Date: 2008-03-24 03:29 am (UTC)
From: [identity profile] count-vronsky.livejournal.com
and the young young americans had ...



(no subject)

Date: 2008-03-24 03:46 am (UTC)
From: [identity profile] count-vronsky.livejournal.com
and the dancing arab.



(no subject)

Date: 2008-03-25 04:28 pm (UTC)
From: [identity profile] slime-slime-sly.livejournal.com

great post mom
im just missing some togawa jun


(i work at a bar around the corner from her dad's cabaret. my yakuza boss told me stories of her doing crazy stuff)
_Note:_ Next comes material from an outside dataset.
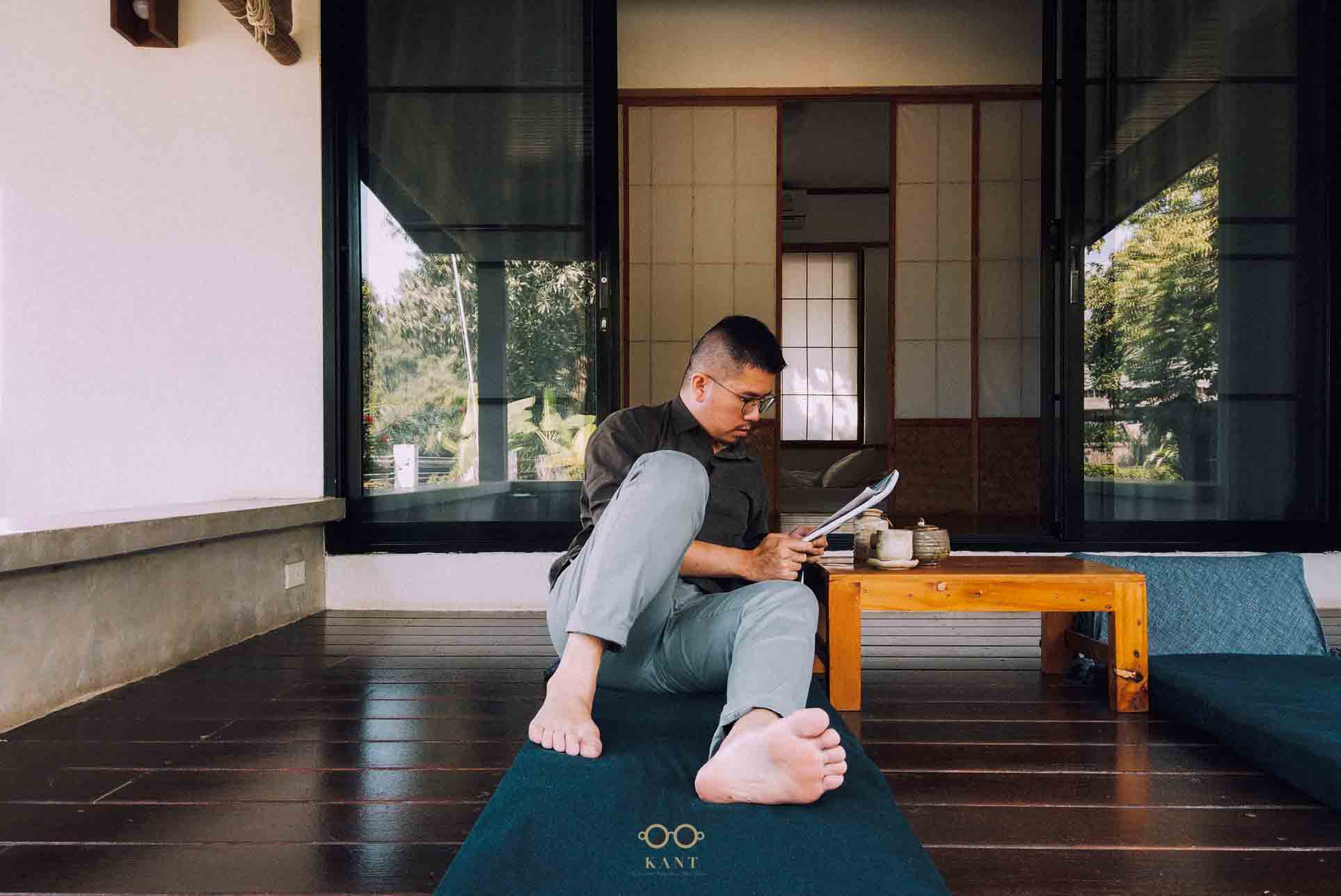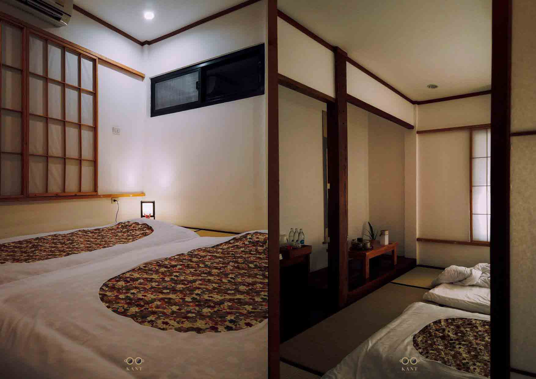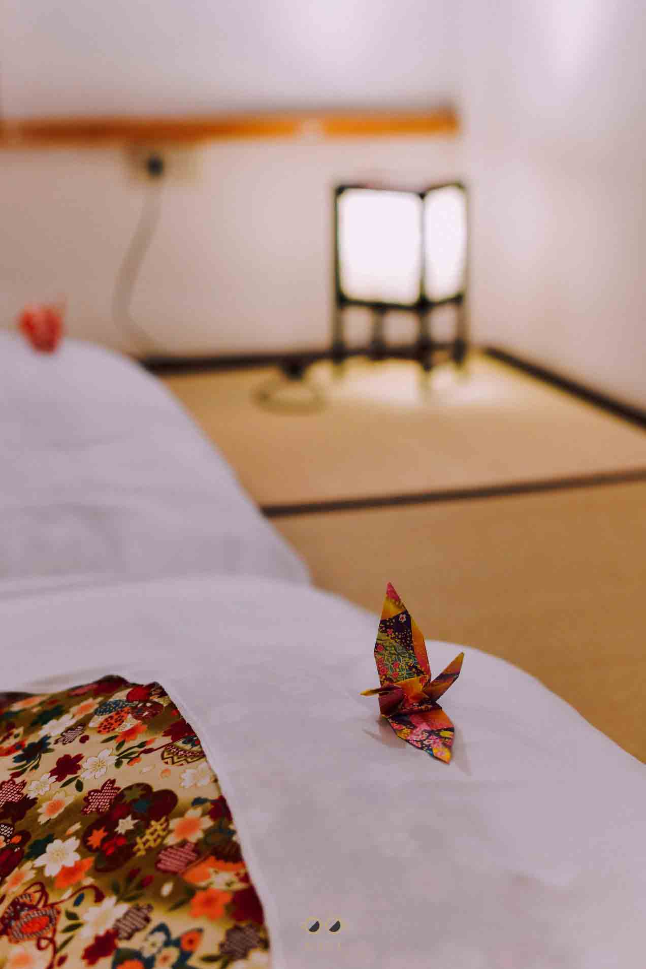 เจ้าของเป็นสถาปนิกครับ ผมว่าเขาเก็บรายละเอียดการออกแบบได้ดี ภายในมีเสื่อ “ตาตามิ” (Tatami) ที่ใช้ใยกกมาทอแทนหญ้าอิคุสะ เนื่องจากไม่ค่อยทนทาน มีประตูบานเลื่อน “โชจิ” (Shoji) ที่กรุด้วยกระดาษฟางข้าวสีขาวนำเข้าจากญี่ปุ่น เหมือนที่เราเห็นในหนังนั่นแหละครับ พอตกค่ำ พนักงานก็จะเลื่อนโต๊ะน้ำชาออกแล้วนำฟูกแบบฟุตง (Futon) มาปู เพื่อจัดเตรียมเครื่องนอนให้กับผู้เข้าพัก พร้อมกับวางนกกะเรียนพับไว้ เป็นสัญลักษณ์ถึงความเอาใจใส่ในการดูแลตามนิทานพื้นบ้านญี่ปุ่น

and my favorite hosono video. check him reading the synth's manual while playing or something. i dont think hes too proud of his videogame work cos everytime i find any of it in a record store its under some goofy nickname (like etchi hochono)

(no subject)

Date: 2008-03-25 04:31 pm (UTC)
From: [identity profile] slime-slime-sly.livejournal.com
great post mom
im just missing some togawa jun


(i work at a bar around the corner from her dad's cabaret. my yakuza boss told me stories of her doing crazy stuff)

and my favorite hosono video. check him reading the synth's manual while playing or something. i dont think hes too proud of his videogame work cos everytime i find any of it in a record store its under some goofy nickname (like etchi hochono)

(no subject)

Date: 2008-03-25 04:45 pm (UTC)
From: [identity profile] imomus.livejournal.com
Hello Mario, I wish you would update your blog with some details of your life in Tokyo!

Nice to see the Togawa Jun video, but your favourite Hosono video is actually included in my original post, so you can't fairly describe it as "missing"!

Well, at least you haven't lost your charmingly short attention span!